→ Task prompt:
Take the line with "Cubana Chief Priest." as the first and the last line of the data as the end. Write out both and every line between exactly, except pictures.

→ Listed records:

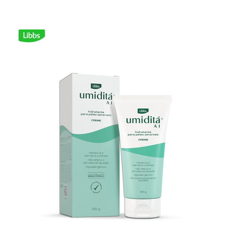 O Umiditá AI é um creme corporal hidratante de uso diário, que restaura a barreira cutânea, acalma e protege a pele.
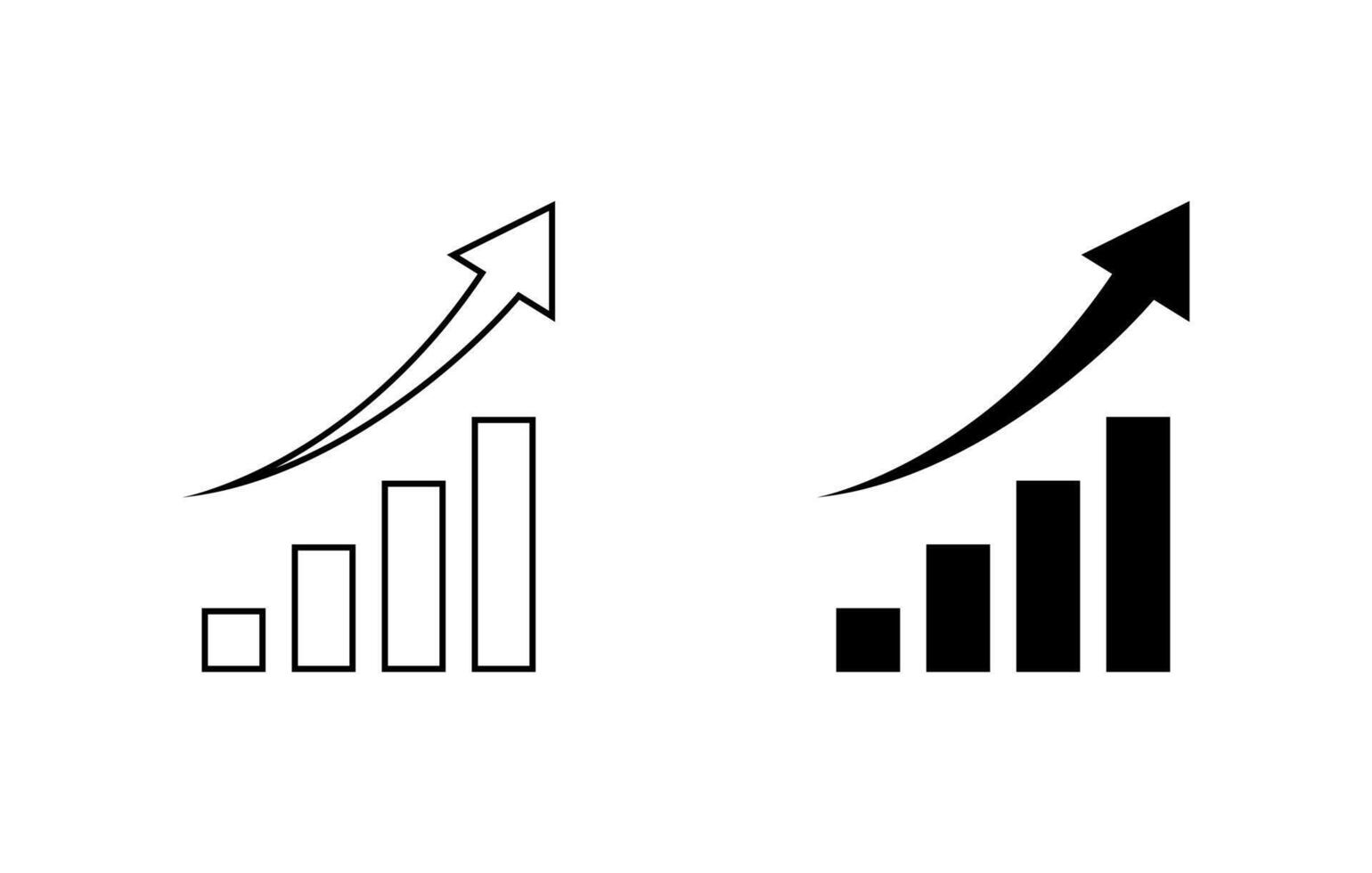 Increase bar chart icon generic style. Growing graph arrow concept Pro Vector
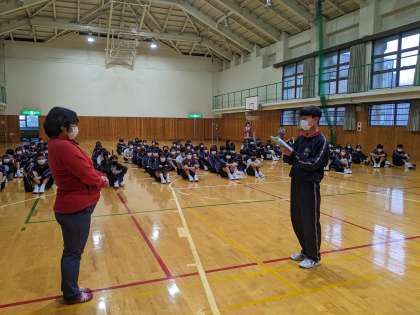 ふれあいタイムでご指導いただく所員の方に、愛中の紹介をしました。キャッチフレーズは「挑戦と笑顔です!」
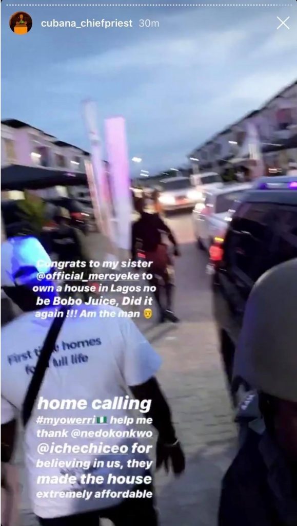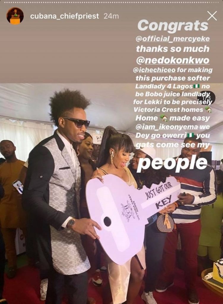 “Congrats Mercy, Thanks so much, Ned Okonkwo for making this purchase softer Landlady 4 Lagos. No be Bobo juice. Landlady for Lekki to be precise – Victoria Crest Homes. Home made easy, Ike. We dey go owerri, you gats come see my people”, wrote Cubana Chief Priest.
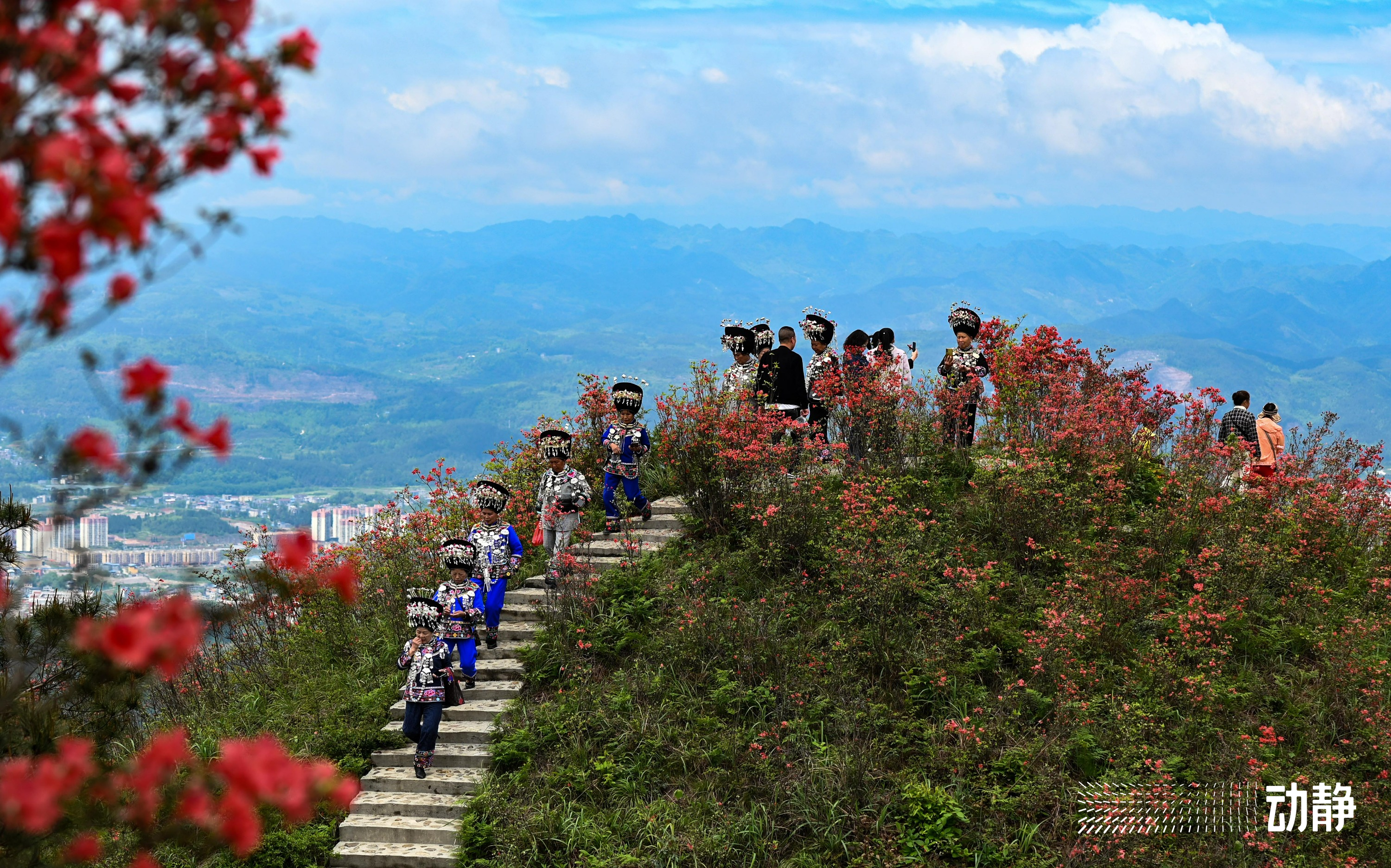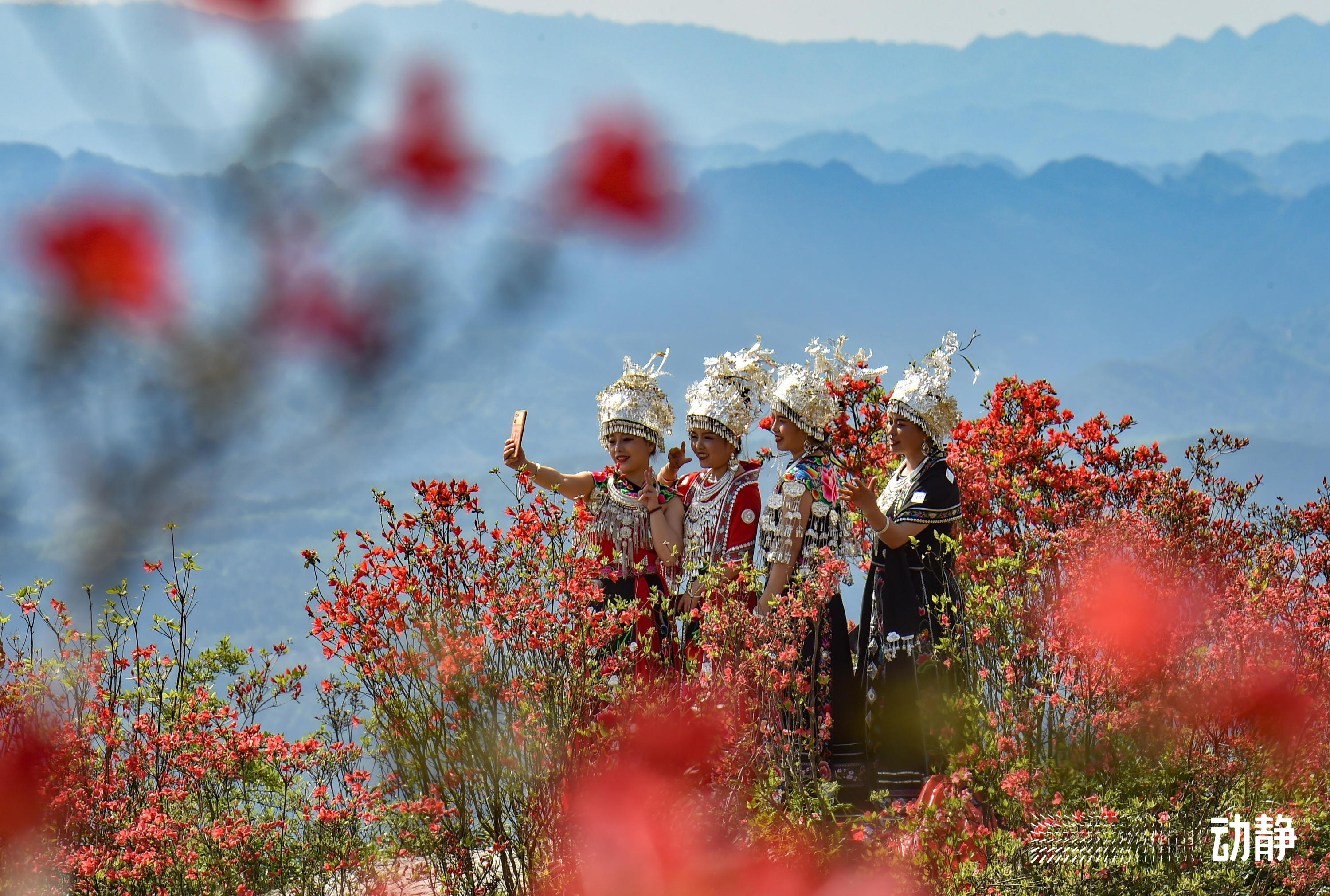 映山红又名杜鹃花,山坡上,一株株映山红开得正艳,灿若红霞,一派花团锦簇的景象。不少的游客身着苗族盛装,行走在花海里,显得人比花娇。在花丛中,游客们唱歌、拍照,玩得不亦乐乎。

→ Task result:
 “Congrats Mercy, Thanks so much, Ned Okonkwo for making this purchase softer Landlady 4 Lagos. No be Bobo juice. Landlady for Lekki to be precise – Victoria Crest Homes. Home made easy, Ike. We dey go owerri, you gats come see my people”, wrote Cubana Chief Priest.
 映山红又名杜鹃花,山坡上,一株株映山红开得正艳,灿若红霞,一派花团锦簇的景象。不少的游客身着苗族盛装,行走在花海里,显得人比花娇。在花丛中,游客们唱歌、拍照,玩得不亦乐乎。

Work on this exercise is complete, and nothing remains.